- AIM OF THE EXERCISE -
Produce one exact copy of the records, no pictures.

- RECORDS FOR THIS EXERCISE -
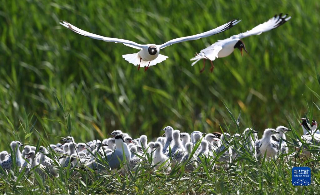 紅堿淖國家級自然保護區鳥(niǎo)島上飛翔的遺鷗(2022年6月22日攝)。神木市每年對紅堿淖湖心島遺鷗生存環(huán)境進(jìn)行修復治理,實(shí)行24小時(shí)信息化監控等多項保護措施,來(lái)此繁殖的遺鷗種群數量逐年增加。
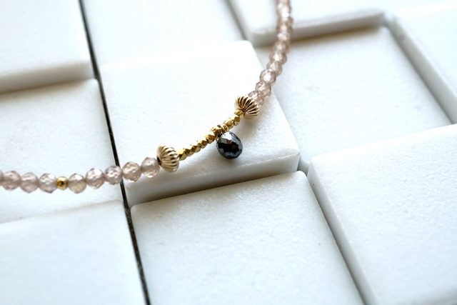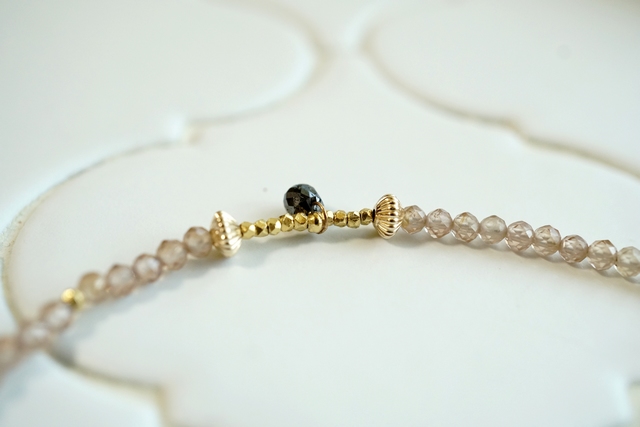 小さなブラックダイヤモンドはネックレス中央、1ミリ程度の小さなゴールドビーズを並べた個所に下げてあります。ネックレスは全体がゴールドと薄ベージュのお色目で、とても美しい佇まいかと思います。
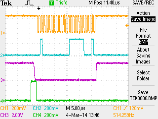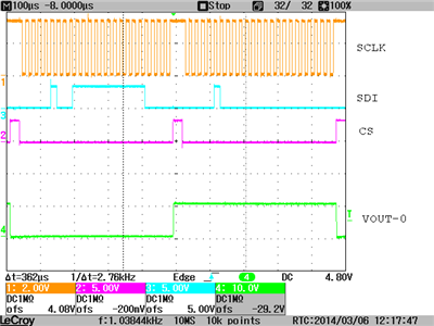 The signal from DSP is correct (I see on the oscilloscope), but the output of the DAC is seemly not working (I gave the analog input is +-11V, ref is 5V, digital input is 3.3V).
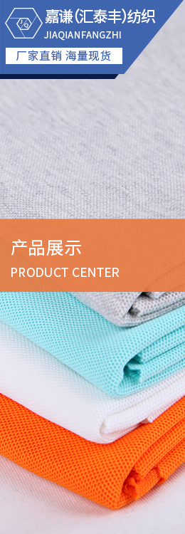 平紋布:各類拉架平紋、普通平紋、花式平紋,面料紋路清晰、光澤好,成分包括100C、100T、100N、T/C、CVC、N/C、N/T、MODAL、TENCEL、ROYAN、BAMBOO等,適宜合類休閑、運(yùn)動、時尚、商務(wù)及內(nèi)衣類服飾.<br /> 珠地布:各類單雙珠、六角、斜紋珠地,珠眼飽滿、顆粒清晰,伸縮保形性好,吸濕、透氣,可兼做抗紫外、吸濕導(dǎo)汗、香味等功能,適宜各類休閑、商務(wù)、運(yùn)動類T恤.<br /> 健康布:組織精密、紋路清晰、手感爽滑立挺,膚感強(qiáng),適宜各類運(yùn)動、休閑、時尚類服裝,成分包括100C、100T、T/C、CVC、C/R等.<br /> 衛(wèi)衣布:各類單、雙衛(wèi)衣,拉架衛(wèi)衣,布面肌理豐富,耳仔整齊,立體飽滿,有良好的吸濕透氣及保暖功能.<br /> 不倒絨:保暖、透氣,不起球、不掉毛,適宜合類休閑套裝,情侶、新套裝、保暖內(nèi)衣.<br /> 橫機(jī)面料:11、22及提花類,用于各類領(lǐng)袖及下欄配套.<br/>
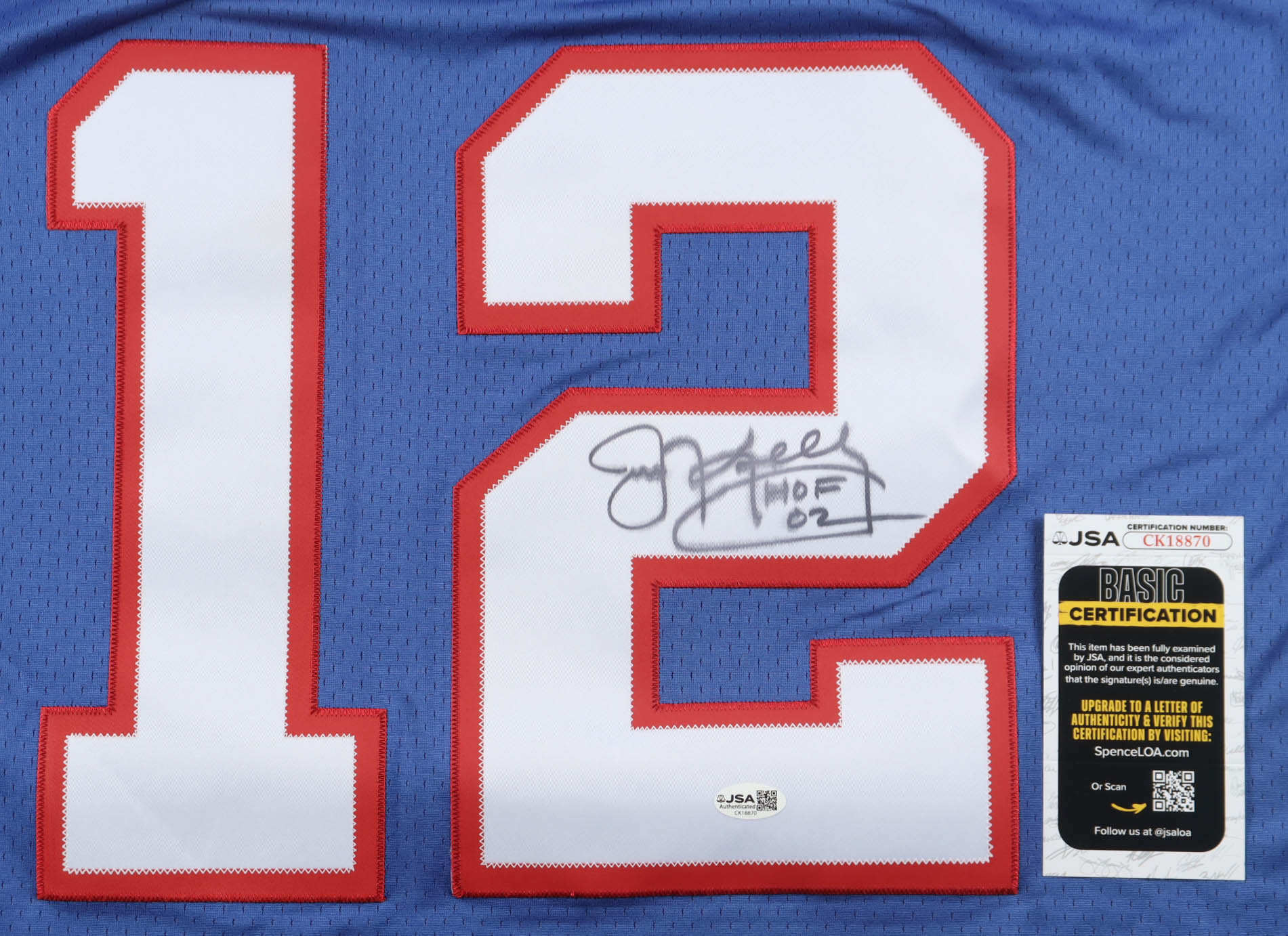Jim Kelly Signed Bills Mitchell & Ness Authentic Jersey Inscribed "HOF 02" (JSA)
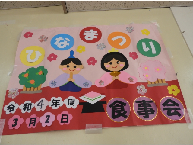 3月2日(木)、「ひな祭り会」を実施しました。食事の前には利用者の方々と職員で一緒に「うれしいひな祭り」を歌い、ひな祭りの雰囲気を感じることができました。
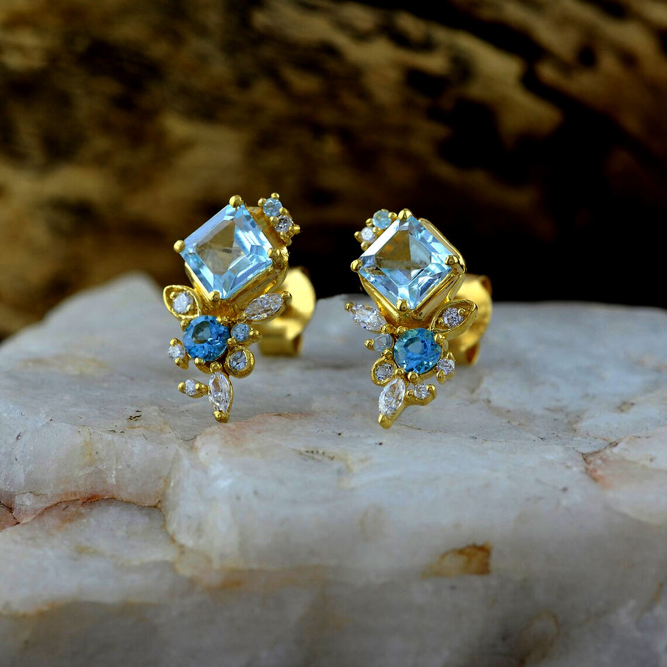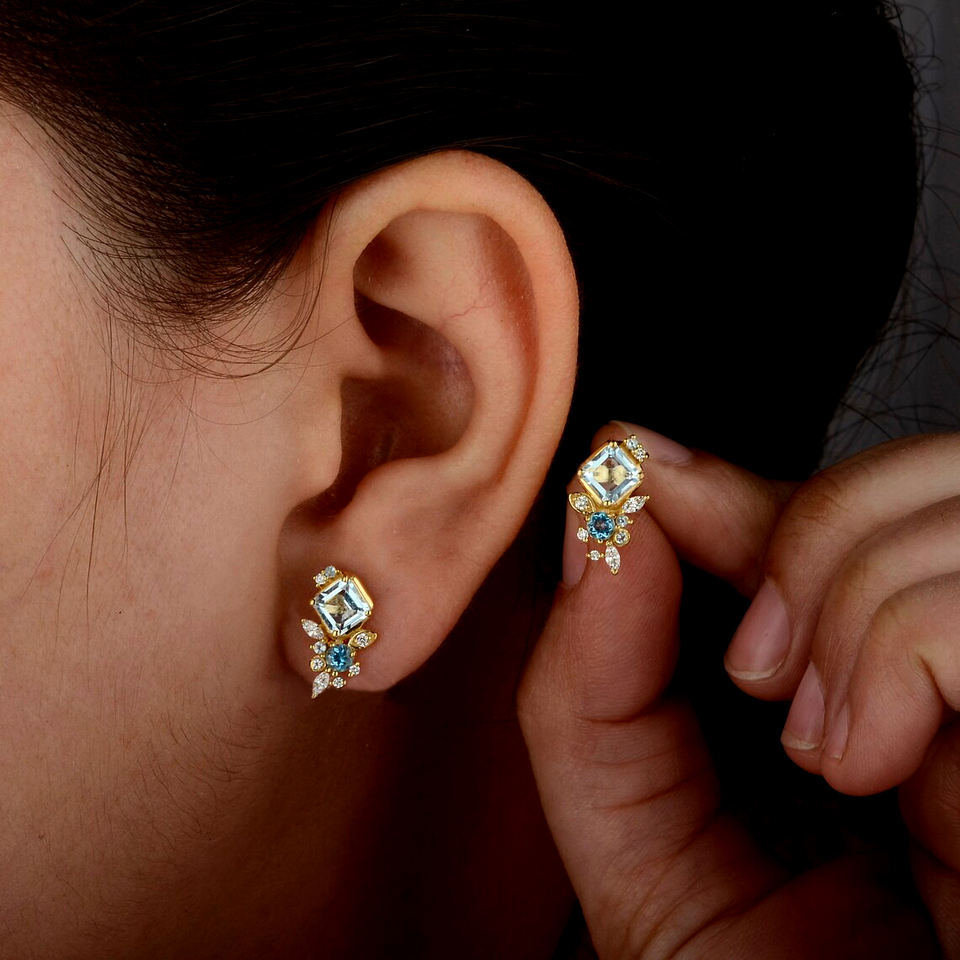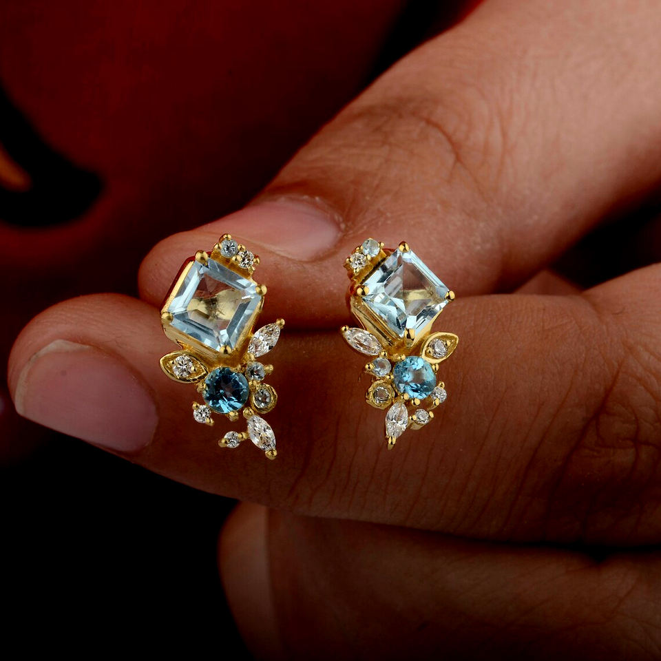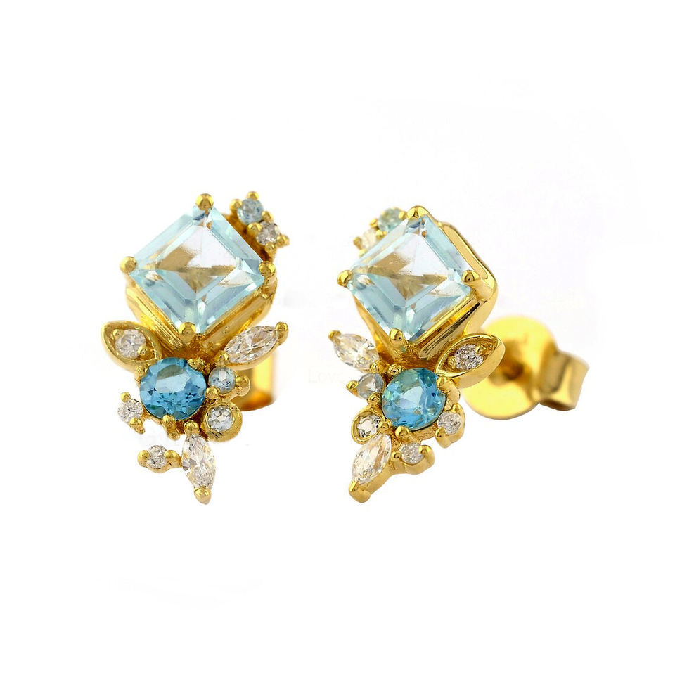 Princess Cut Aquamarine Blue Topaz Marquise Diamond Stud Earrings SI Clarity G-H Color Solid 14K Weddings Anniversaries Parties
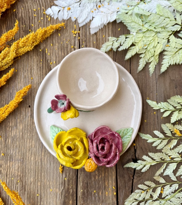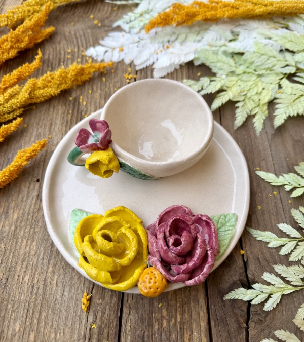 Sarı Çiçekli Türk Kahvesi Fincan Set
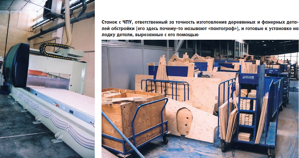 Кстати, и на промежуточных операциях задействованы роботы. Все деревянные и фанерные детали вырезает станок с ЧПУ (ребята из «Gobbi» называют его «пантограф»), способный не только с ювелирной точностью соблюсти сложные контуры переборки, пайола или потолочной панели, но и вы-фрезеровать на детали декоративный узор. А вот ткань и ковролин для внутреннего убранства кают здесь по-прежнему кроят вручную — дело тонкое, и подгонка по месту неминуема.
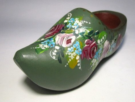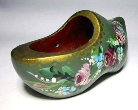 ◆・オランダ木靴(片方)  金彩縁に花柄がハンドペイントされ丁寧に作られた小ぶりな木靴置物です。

- PROBLEM SOLUTION -
 紅堿淖國家級自然保護區鳥(niǎo)島上飛翔的遺鷗(2022年6月22日攝)。神木市每年對紅堿淖湖心島遺鷗生存環(huán)境進(jìn)行修復治理,實(shí)行24小時(shí)信息化監控等多項保護措施,來(lái)此繁殖的遺鷗種群數量逐年增加。
 小さなブラックダイヤモンドはネックレス中央、1ミリ程度の小さなゴールドビーズを並べた個所に下げてあります。ネックレスは全体がゴールドと薄ベージュのお色目で、とても美しい佇まいかと思います。
 The signal from DSP is correct (I see on the oscilloscope), but the output of the DAC is seemly not working (I gave the analog input is +-11V, ref is 5V, digital input is 3.3V).
 平紋布:各類拉架平紋、普通平紋、花式平紋,面料紋路清晰、光澤好,成分包括100C、100T、100N、T/C、CVC、N/C、N/T、MODAL、TENCEL、ROYAN、BAMBOO等,適宜合類休閑、運(yùn)動、時尚、商務(wù)及內(nèi)衣類服飾.<br /> 珠地布:各類單雙珠、六角、斜紋珠地,珠眼飽滿、顆粒清晰,伸縮保形性好,吸濕、透氣,可兼做抗紫外、吸濕導(dǎo)汗、香味等功能,適宜各類休閑、商務(wù)、運(yùn)動類T恤.<br /> 健康布:組織精密、紋路清晰、手感爽滑立挺,膚感強(qiáng),適宜各類運(yùn)動、休閑、時尚類服裝,成分包括100C、100T、T/C、CVC、C/R等.<br /> 衛(wèi)衣布:各類單、雙衛(wèi)衣,拉架衛(wèi)衣,布面肌理豐富,耳仔整齊,立體飽滿,有良好的吸濕透氣及保暖功能.<br /> 不倒絨:保暖、透氣,不起球、不掉毛,適宜合類休閑套裝,情侶、新套裝、保暖內(nèi)衣.<br /> 橫機(jī)面料:11、22及提花類,用于各類領(lǐng)袖及下欄配套.<br/>
Jim Kelly Signed Bills Mitchell & Ness Authentic Jersey Inscribed "HOF 02" (JSA)
 3月2日(木)、「ひな祭り会」を実施しました。食事の前には利用者の方々と職員で一緒に「うれしいひな祭り」を歌い、ひな祭りの雰囲気を感じることができました。
 Princess Cut Aquamarine Blue Topaz Marquise Diamond Stud Earrings SI Clarity G-H Color Solid 14K Weddings Anniversaries Parties
 Sarı Çiçekli Türk Kahvesi Fincan Set
 Кстати, и на промежуточных операциях задействованы роботы. Все деревянные и фанерные детали вырезает станок с ЧПУ (ребята из «Gobbi» называют его «пантограф»), способный не только с ювелирной точностью соблюсти сложные контуры переборки, пайола или потолочной панели, но и вы-фрезеровать на детали декоративный узор. А вот ткань и ковролин для внутреннего убранства кают здесь по-прежнему кроят вручную — дело тонкое, и подгонка по месту неминуема.
 ◆・オランダ木靴(片方)  金彩縁に花柄がハンドペイントされ丁寧に作られた小ぶりな木靴置物です。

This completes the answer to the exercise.